The Knysna woodpecker (Campethera notata) is a species of bird in the family Picidae. It is endemic to South Africa, where its natural habitats are subtropical or tropical moist lowland forests, moist savanna, and subtropical or tropical moist shrubland. It is threatened by habitat loss. It belongs to a species complex that includes the golden-tailed and Mombasa woodpeckers.

==Description==
This species is distinguished from the other South African woodpeckers by its thickly spotted under-surface which is covered with black spots from the chin to the vent. Males and females differ slightly. Males have an olive-green color above with indistinct, small transverse bars and a few diamond-shaped sub-terminal spots that are a paler olive-yellow. The female Knysna woodpecker is similar to the male, but the black head is spotted with white and only the occiput is scarlet.

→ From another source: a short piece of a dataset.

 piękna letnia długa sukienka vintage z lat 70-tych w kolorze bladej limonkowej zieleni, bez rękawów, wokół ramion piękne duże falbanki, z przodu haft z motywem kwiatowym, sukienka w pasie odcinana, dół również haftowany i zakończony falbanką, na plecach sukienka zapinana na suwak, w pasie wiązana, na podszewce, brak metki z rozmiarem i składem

The quills are brown, except for near the base where they are externally olive. The secondary quills are olive-brown, duller than the back, and transversely barred with a yellow-tinged white. The primaries are externally spotted with yellow, notched on the inner web with white, and the shafts are brown. The tail is olive-brown shaded with an almost green color and crossed with six bars of an almost yellow color. The tips of the feathers are a dull golden, while the shafts are golden brown.

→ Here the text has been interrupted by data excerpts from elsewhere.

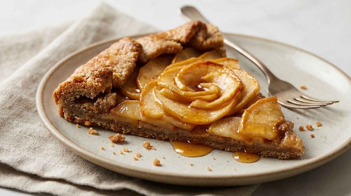 Le secret d’une pâte sablée parfaite réside dans le choix du sarrasin : cette farine sans gluten révèle une saveur unique, soutenue par le beurre bien froid effrité rapidement. Il ne faut surtout pas trop malaxer — juste de quoi lier, pour un résultat friable mais fondant. La rusticité du sarrasin se marie merveilleusement à la douceur des pommes et donne à la tarte un caractère inimitable.
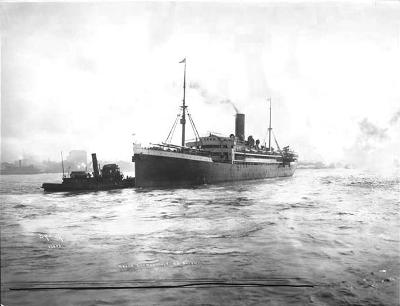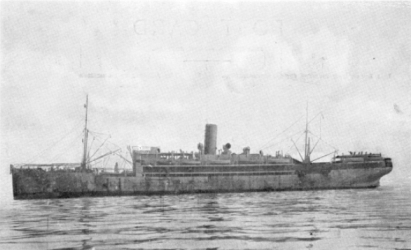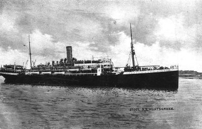 В пути его застала война и 3 августа 1914 года он был захвачен англичанами в Суэцком канале. Под новым именем "Huntsend" корабль использовался, как войсковой транспорт, а также в качестве госпитального судна для эвакуации войск из Галлиполи в 1915 году. 3 января 1917 года недалеко от Крита транспорт был поврежден торпедой немецкой субмарины "UB-47", но остался на плаву, был отбуксирован в порт и позже отремонтирован на верфи Wallsend Slipway & Engineering Company в Тайне. Во время пандемии гриппа "Huntsend " покинул Монреаль 26 сентября 1918 года с 649 канадскими солдатами на борту, врач сообщил о 15 больных гриппом и пневмонией. Несмотря на его обеспокоенность, судно отплыло, и пять процентов из 649 канадцев погибли до того, как смогли высадиться 11 октября 1918 года. Некоторые из зараженных умерли позже.
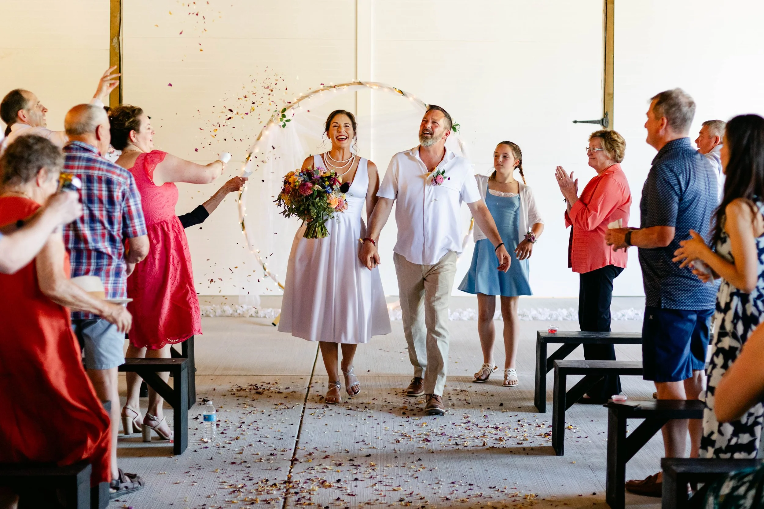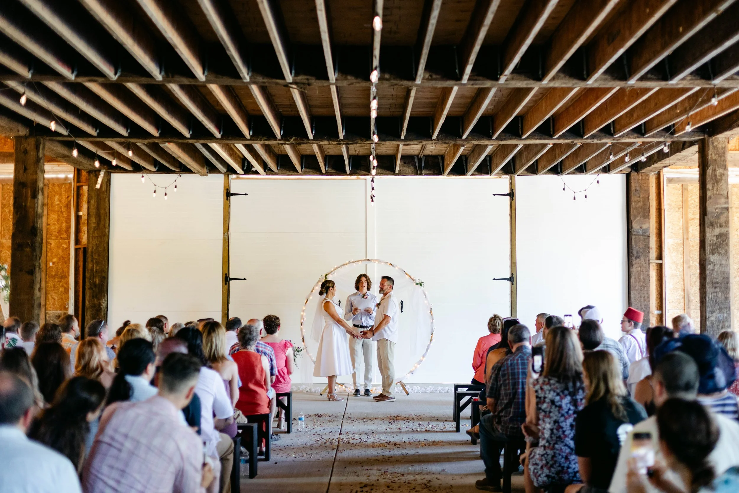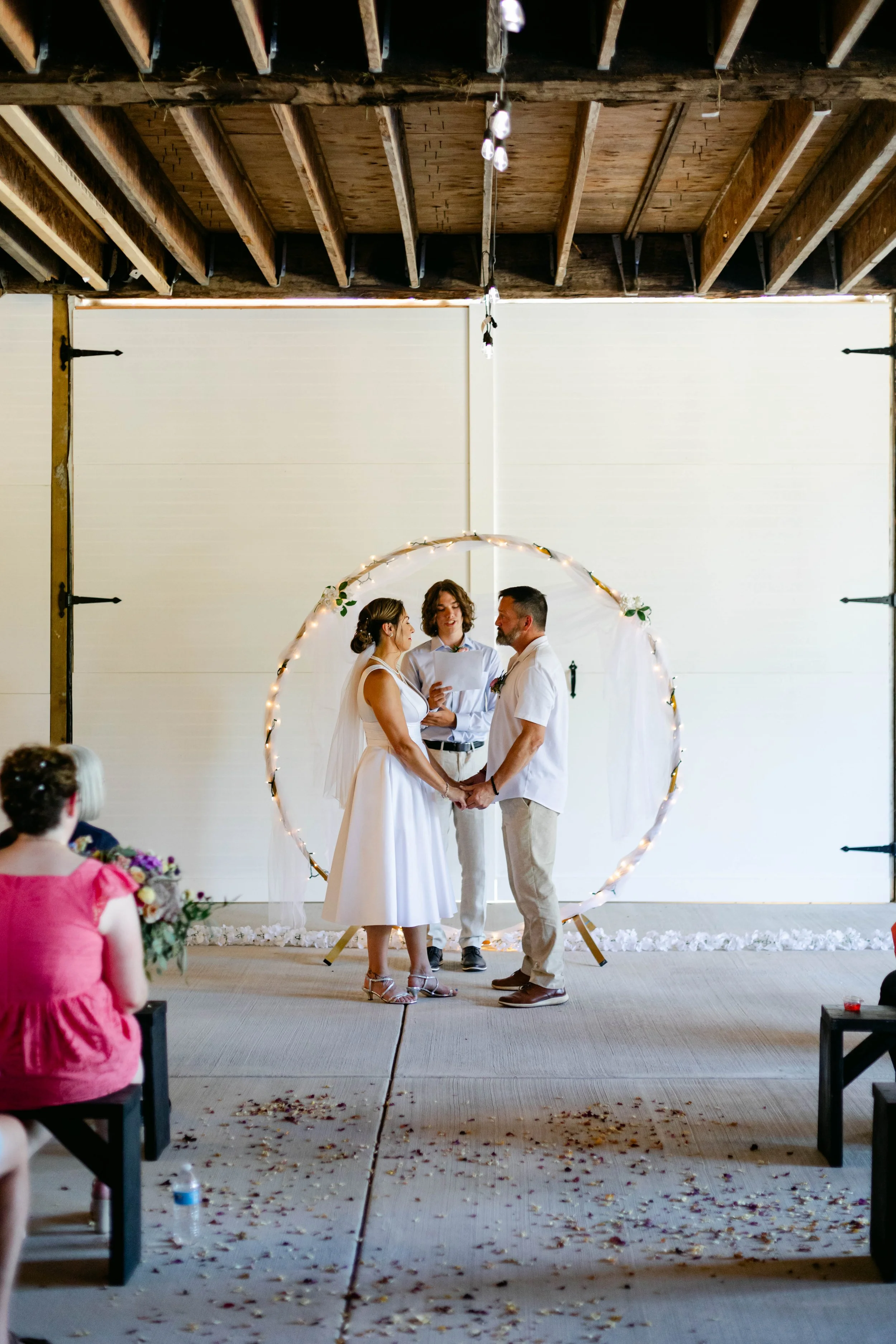 Rusty Barn Estates was the exact right venue for these two. Raw wood beams, string lights strung across the ceiling, big barn doors thrown open to the summer light — it felt warm and lived-in and completely unpretentious, which is exactly who Niki and Shaun are. They stood beneath a circular floral arch hung with fairy lights and said their vows while their people packed the benches on either side. Flower petals covered the aisle floor. The whole scene looked like something out of a dream — the kind of dream where everything is golden and loud and full of laughter.

Its head is a gray-black color and all of the feathers on it are tipped with scarlet. The occipital crest (located at the base of the cranium) is completely bright scarlet in color. Its lores are yellowish and minutely spotted with black. The ear-coverts are whitish and streaked with black, while the foreparts of its cheeks are scarlet. The rest of the sides of its face and neck are yellowish white, thickly mottled with black. The feathers in this area are black with a narrow whitish edging.

The underside of its body is yellowish, but white on the throat, and, as mentioned above, thickly spotted. These spots are rounded and very large on the breast, but more diamond-shaped on the abdomen. Its flanks are barred with dusky black and the underwing coverts are yellow with black round spots as on the breast.

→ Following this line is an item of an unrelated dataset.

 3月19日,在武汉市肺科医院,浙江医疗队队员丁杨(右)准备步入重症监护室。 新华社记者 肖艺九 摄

Its eyes are hazel colored. Approximate length is 8.5 in.

==Feeding and foraging==
The Knysna woodpecker feeds mainly on ants and ant larvae, as well as wood-boring beetles and termites, including their eggs and pupae. It forages at all levels of the tree canopy, pecking, gleaning and probing in search of prey as it works its way along branches.

==Reproduction==
Breeding takes place in August–November (mainly October) and the pairs are widely spaced. The nest hole is excavated in a dead tree trunk or branch. It has a clutch size of 2–4 eggs, which it incubates for 13–21 days, followed by a fledgling period of 4–6 days.

==Distribution and habitat==
The Knysna woodpecker is endemic to South Africa. It is thinly dispersed across the coastal lowlands of South Africa and extends north into southern KwaZulu-Natal and west to near Bredasdorp, Western Cape. This species is common locally, but not over its entire coastal range. The total range is less than 50,000 km2 and its total population has been estimated at 1,500–5,000 individuals, of which 1,000-3,300 are assumed to be mature birds.

===Conservation status and threats===
Although the Knysna woodpecker has not yet been classified as endangered, the IUCN Red List lists them as Near Threatened as of 2012. Habitat shifting and alteration are predicted to occur in the future, affecting more than 90% of the population and causing rapid decline. A range contraction in KwaZulu-Natal in the 19th century has been attributed to the clearance of coastal bush for sugar-cane farming and township development. Some conservation actions, such as increasing knowledge and understanding about this species are already underway. For example, an estimated 1,000-1,500 individuals are thought to occur in reserves with these objectives like the Oribi Gorge Nature Reserve. Additionally, some proposed actions include: conducting surveys to estimate the total population size, monitoring population trends through regular surveys, carrying out research into factors that possibly limit the species' population, and increasing the area of suitable habitat with protected status.